Task directions:
Pictures excluded, reproduce exactly the lines below from the one with "Gri nakışlı geometrik" through the one with "6.12.1 Buy Orlo", both included.

Data extract:
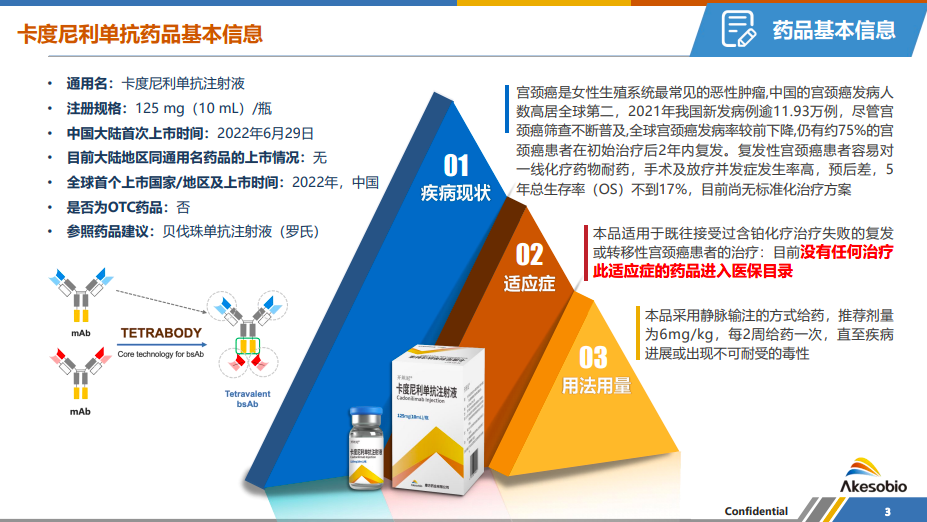 康方生物的卡度尼利单抗是全球第一个获批的肿瘤双免疫抑制点双抗,也是中国第一个获批的双免疫抑制点双抗,获批适应症是复发/转移性宫颈癌。
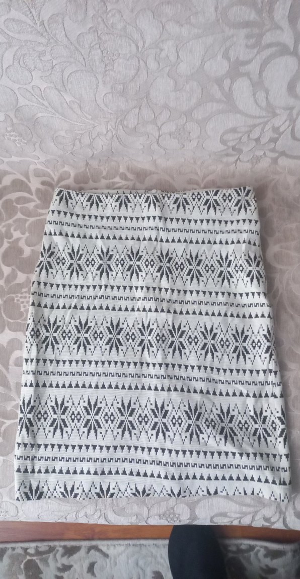 Gri nakışlı geometrik desenlere sahip triko, vücuda oturan midi etek. Bohem tarzı için uygun, günlük kullanıma rahat bir hava katıyor.
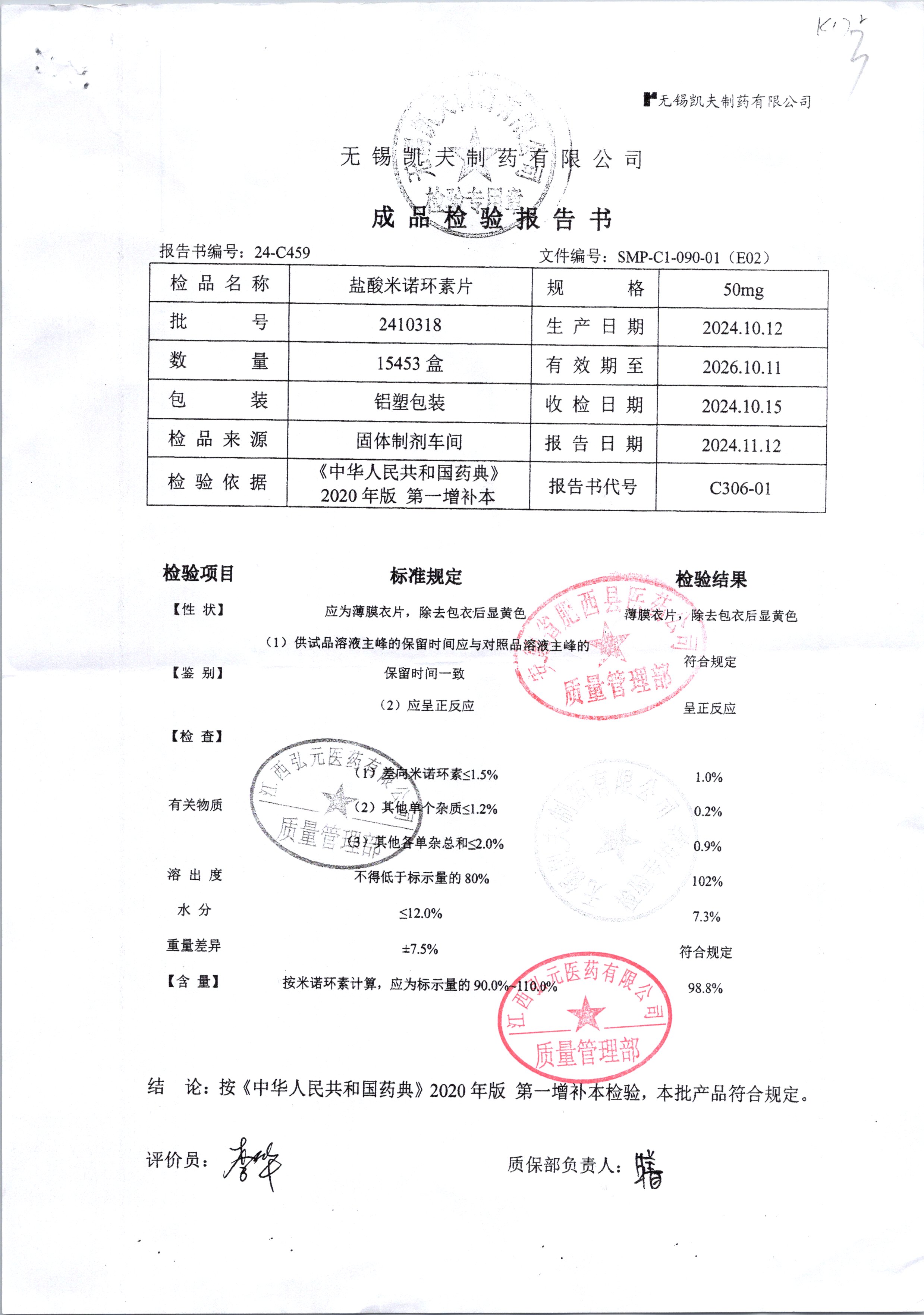 名稱 規格 批號 藥檢報告
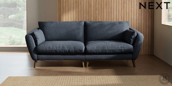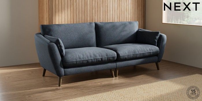 6.12.1 Buy Orlo Relaxed Sit 4 Seater Sofa Tweedy Chenille Navy Blue Retro Tapered - Mid from the Next UK online shop Click here to use our accessible website
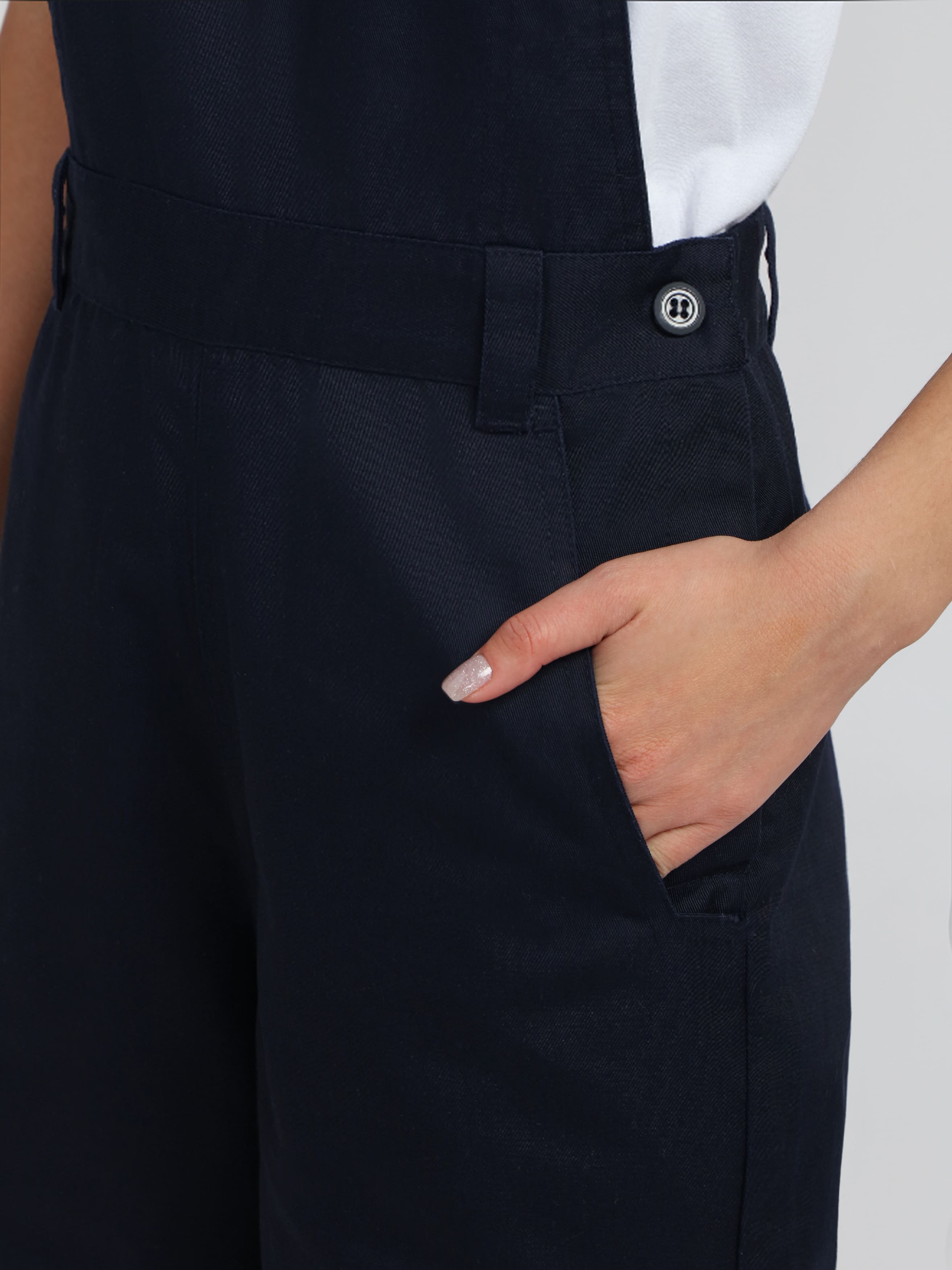 - Удобная регулировка посадки: пояс с внутренними боковыми резинками и шестью шлевками для идеальной посадки по фигуре

Response:
 Gri nakışlı geometrik desenlere sahip triko, vücuda oturan midi etek. Bohem tarzı için uygun, günlük kullanıma rahat bir hava katıyor.
 名稱 規格 批號 藥檢報告
 6.12.1 Buy Orlo Relaxed Sit 4 Seater Sofa Tweedy Chenille Navy Blue Retro Tapered - Mid from the Next UK online shop Click here to use our accessible website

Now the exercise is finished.